Santa Ysabel:  The Franciscans of Mission San Diego built a branch, or sub-mission, about 60 miles east of the main mission, in the Santa Ysabel Valley.  The first  building was erected there in 1818; an adobe church was built  was built a few years later.


1769   Father Serra and Governor Portolá (of Baja California) arrived at San Diego Bay. Mission site was dedicated on July 16, 1769, with a wooden cross erected on a hill overlooking the Bay.  A small chapel was built of brush and branches.  The first mission bell was hung on a tree.

1774   Mission moved to a site six miles inland, on the San Diego River, in order to have better soil and more water, and to be further from the soldiers at the presidio (fort). Buildings were made of logs driven into the ground, with tule thatched roofs.

1775   Mission was attacked and buildings burned beyond use.  Father Luis Jayme died in the attack.  Other missionaries went back to the presidio for safety.

1777-80  Church rebuilt on the burned-out site; made of adobe with beams of pine and poplar.

1792   Roof of tules replaced by tile roof.

1803   Earthquake severely damaged the church.

1807-16  Dam built on the San Diego River to provide better water supply.

1808-13  Final church built, dedicated November 12, 1813.

1834   Mission secularized, transferred from the Franciscans to the government.

1846-52 Buildings occupied by U.S. Army troops and horses.

1862   22 acres of land returned by the U.S. government to the Catholic Church.

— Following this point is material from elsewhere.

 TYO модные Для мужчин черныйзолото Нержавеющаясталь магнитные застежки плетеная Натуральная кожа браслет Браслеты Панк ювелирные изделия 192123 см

The mission buildings began to decay and fall apart after 1834, when they were no longer occupied by the Franciscan missionaries.  In the 1890's the site was used for an Indian School run by Father Anthony Ubach, who was interested in restoring the mission. However, little was done after 1900, and soon all that remained was the front of the church.

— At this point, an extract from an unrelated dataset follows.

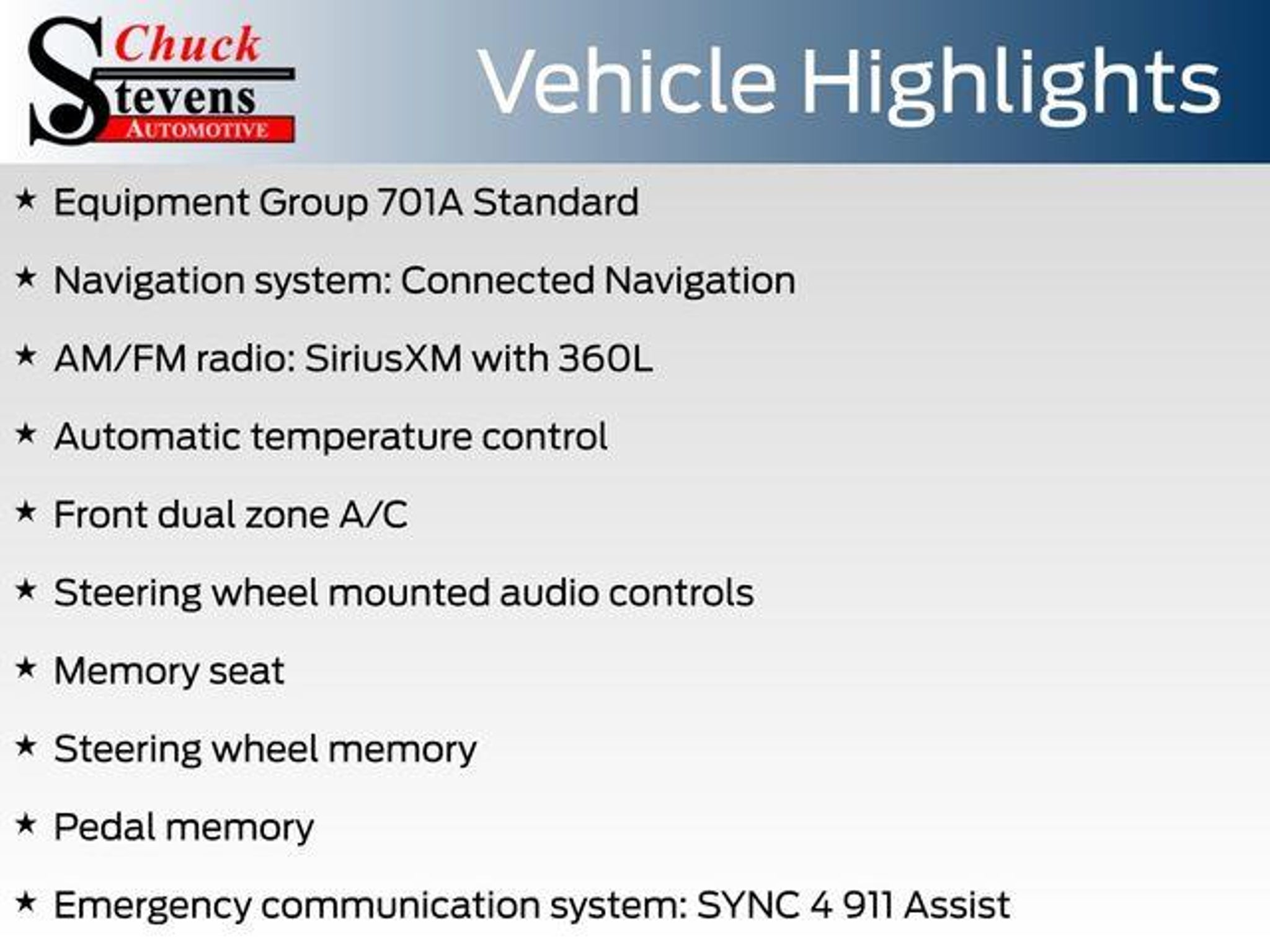 Welcome to Chuck Stevens Ford, located at 1304 HWY 31 South, Bay Minette, Alabama. We are proud to celebrate 25 Years of serving our community as one of the fastest-growing Ford dealers in the Southeast. Our goal is to make your shopping experience transparent, easy, and enjoyable. Every Pre-Owned and Certified vehicle at Chuck Stevens Ford has been fully inspected and reconditioned by a certified technician, giving you confidence in your purchase. Take advantage of our low-price guarantee on this 2024 Ford F-150. This F-150 comes finished in Antimatter Blue Metallic with a Black interior, making it a wonderful choice for your next vehicle. At Chuck Stevens Ford, we also include our exclusive Lifetime Powertrain Warranty at no additional cost. No gimmicks, no fine print, and serviceable at any certified repair facility nationwide. The online price includes a $2,500 Cash Down or trade equity. To qualify, customers must trade in a vehicle with a minimum appraised value of $2,500 or Cash Down. All prices reflect dealership financing and include a $1,000 finance coupon. See dealer for full details. . Certified. CARFAX One-Owner. Recent Arrival! Odometer is 18812 miles below market average! 2024 Ford F-150 Platinum 4D SuperCrew Platinum Antimatter Blue Metallic 4WD 3.5L PowerBoost Full-Hybrid V6 10-Speed Automatic Ford Gold Certified Details: * Vehicle History * Roadside Assistance * 172 Point Inspection * Limited Warranty: 12 Month/12,000 Mile (whichever comes first) after new car warranty expires or from certified purchase date * Powertrain Limited Warranty: 84 Month/100,000 Mile (whichever comes first) from original in-service date * and 22,000 FordPass Rewards Points to use toward first two maintenance visits * Transferable Warranty * Warranty Deductible: $100 Alloy wheels, AM/FM radio: SiriusXM with 360L, Auto High-beam Headlights, Automatic temperature control, Electronic Locking w/3.73 Axle Ratio, Emergency communication system: SYNC 4 911 Assist, Equipment Group 701A Standard, Front dual zone A/C, Front fog lights, Fully automatic headlights, Heated front seats, Heated rear seats, Memory seat, Navigation system: Connected Navigation, Pedal memory, Steering wheel memory, Steering wheel mounted audio controls, SYNC 4 w/Enhanced Voice Recognition, Telescoping steering wheel, Tilt steering wheel, Tough Bed Spray-In Bedliner, Variably intermittent wipers, Ventilated front seats, Wheels: 20 Painted Gloss Ebony Black. LIFETIME POWERTRAIN PROGRAM included at no additional charge f

Serious restoration began in 1931 with the rebuilding of the campanario (bell wall) with its five bell niches.  Several of the original bells were located.  The largest bell in the campanario is the 1200-pound Mater Dolorosa, made in 1894 in San Diego, reportedly from the lead of five original bells that came to the San Diego settlement in 1796 from New Spain (now Mexico).

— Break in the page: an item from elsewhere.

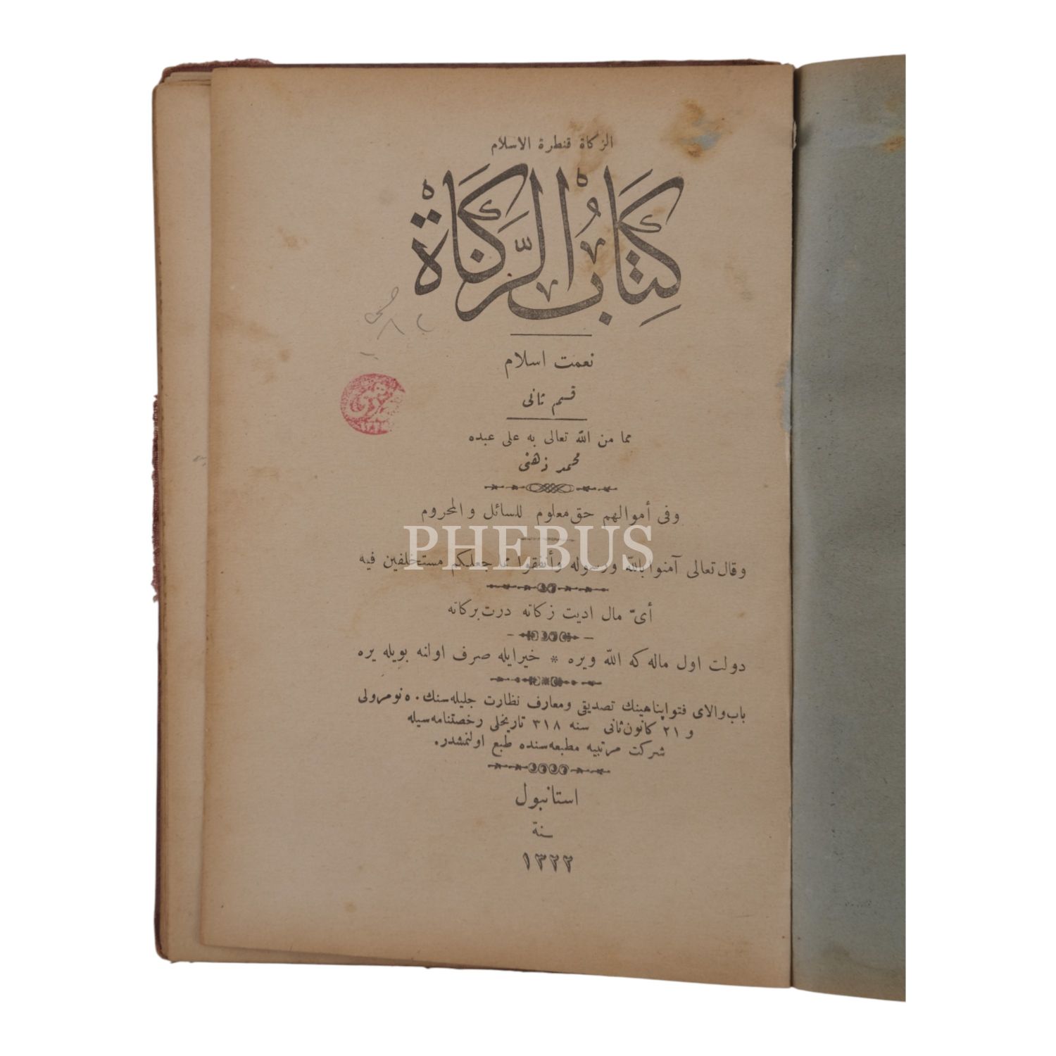 4- KİTÂBÜ´Z-ZEKÂT (NİMET-İ İSLÂM - KISM-I SÂNÎ), Mehmed Zihnî, 1322, 46 sayfa.

The restoration of the mission church has been completed as accurately as possible, though few pictures or descriptions exist of the original church.  In 1941 the restored mission became a parish church.  In 1976, Pope Paul VI named the church a minor basilica because of its historical importance.

A small part of the padres' building is all that remains of the quadrangle. Excavation of more foundations was done in the 1960's by university students. Further excavations of bones and artifacts in 1989 resulted in an area set apart as a memorial to those who died at the mission. At the mission are the graves of five Franciscan friars, including Father Jayme who died there in 1775.  There is a small museum, but articles relating to Father Serra, the founder, are in the Serra Museum on Presidio Hill. There, where the mission was first established, is a large cross and a plaque.